The images were difficult to look at, patients on floors, others on benches, a ward system stretched well beyond its breaking point. The viral footage from Korle Bu Teaching Hospital that triggered renewed public concern about overcrowding at Ghana’s premier referral facility has now prompted its board chair to outline a reform plan. But Prof. Titus Beyuo is being honest about what it will take and how long it will take to get there.
Speaking this week in response to both the public outcry and a statement from the Korle Bu Doctors Association, Prof. Beyuo, who also serves as Member of Parliament for Lambussie, described a proposed shift in how the hospital manages bed allocation that he believes represents the only realistic path toward meaningful relief.
The core of the plan is a flexible bed classification system that would allow stabilized patients to be admitted to any ward with available beds, rather than waiting, sometimes indefinitely, for space to open in their designated unit. Under the current system, a patient assigned to Medical Four remains tied to that ward regardless of availability elsewhere. Under the proposed arrangement, that same patient could be admitted to Medical Three if that is where space exists, with their medical team following them.
“The doctor has to now go to the patient wherever the patient is,” Prof. Beyuo explained, a formulation that captures the fundamental cultural and operational shift the reform requires.
It is, as he acknowledged, a significant departure from how medical teams have traditionally functioned. Doctors accustomed to managing patients in specific, familiar wards will need training, time, and institutional support to adjust to a more fluid model. The reform cannot be decreed into existence; it has to be built through a process of education, preparation, and gradual implementation.
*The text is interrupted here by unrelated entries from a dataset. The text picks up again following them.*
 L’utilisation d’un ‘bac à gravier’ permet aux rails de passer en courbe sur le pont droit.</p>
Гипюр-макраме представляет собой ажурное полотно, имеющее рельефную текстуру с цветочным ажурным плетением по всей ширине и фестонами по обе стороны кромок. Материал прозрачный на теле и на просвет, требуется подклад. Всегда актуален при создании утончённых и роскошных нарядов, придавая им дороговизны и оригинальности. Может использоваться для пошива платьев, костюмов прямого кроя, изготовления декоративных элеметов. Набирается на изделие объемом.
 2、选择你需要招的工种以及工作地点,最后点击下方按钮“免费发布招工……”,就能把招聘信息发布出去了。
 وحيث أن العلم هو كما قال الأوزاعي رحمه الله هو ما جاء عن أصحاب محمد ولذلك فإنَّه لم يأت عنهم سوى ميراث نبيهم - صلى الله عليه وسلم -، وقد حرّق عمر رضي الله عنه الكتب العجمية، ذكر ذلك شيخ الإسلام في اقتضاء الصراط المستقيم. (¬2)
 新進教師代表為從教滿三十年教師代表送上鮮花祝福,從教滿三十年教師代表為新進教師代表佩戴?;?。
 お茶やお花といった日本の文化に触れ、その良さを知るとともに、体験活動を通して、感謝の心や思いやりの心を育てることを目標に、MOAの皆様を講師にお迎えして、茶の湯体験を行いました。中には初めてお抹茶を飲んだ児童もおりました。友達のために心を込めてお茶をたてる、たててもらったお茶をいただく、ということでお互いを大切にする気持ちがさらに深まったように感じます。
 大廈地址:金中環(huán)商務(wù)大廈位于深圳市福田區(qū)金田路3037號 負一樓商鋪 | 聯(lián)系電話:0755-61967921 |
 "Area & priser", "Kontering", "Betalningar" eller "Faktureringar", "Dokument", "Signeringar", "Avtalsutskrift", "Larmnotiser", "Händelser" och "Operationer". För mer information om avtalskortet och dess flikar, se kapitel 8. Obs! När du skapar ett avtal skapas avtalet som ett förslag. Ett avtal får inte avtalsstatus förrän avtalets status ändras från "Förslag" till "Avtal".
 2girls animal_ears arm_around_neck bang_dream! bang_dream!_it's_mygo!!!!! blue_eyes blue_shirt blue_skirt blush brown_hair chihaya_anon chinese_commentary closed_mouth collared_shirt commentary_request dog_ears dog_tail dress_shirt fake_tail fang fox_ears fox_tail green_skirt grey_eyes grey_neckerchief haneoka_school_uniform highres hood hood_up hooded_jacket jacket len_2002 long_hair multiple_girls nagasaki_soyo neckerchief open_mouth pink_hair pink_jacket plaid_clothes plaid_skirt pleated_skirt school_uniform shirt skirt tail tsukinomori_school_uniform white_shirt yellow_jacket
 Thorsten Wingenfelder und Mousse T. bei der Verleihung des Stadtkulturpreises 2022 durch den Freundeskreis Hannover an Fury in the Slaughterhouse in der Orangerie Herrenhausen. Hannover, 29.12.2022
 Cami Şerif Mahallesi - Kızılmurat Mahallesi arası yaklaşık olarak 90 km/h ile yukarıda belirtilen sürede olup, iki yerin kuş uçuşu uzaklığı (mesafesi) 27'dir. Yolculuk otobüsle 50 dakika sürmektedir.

“We should be training and informing our colleagues about these changes. But it is the only way they can manage the situation efficiently,” he said.
The complexity deepens when the full infrastructure requirements of the new system are laid out. A functional command centre, the relocation of the ambulance service’s call centre, and the deployment of physicians to perform real-time online patient sorting are all prerequisites. Ghana’s ambulance fleet, comprising more than 200 vehicles, must be integrated into the system to enable meaningful coordination between facilities.
And then there is the sheer scale of the training exercise. Korle Bu alone employs over 7,000 staff. Comparable rollouts would be needed at Komfo Anokye Teaching Hospital, Cape Coast Teaching Hospital, and other major facilities across the country, each with its own workforce, ingrained practices, and adjustment curve.
Prof. Beyuo is not dismissing the problem’s urgency. The overcrowding at Korle Bu is real, its human cost visible, and the pressure for action legitimate. But he is framing the truth about what systemic healthcare reform actually requires, that lasting change and quick fixes are rarely the same thing, and that the scale of what needs to be built means the process will unfold over time rather than overnight.
The reform plan is coming. The images that sparked the conversation deserve that commitment. But between the plan and the reality lies a substantial amount of work, and Prof. Beyuo is asking stakeholders to hold both the urgency and the patience at the same time.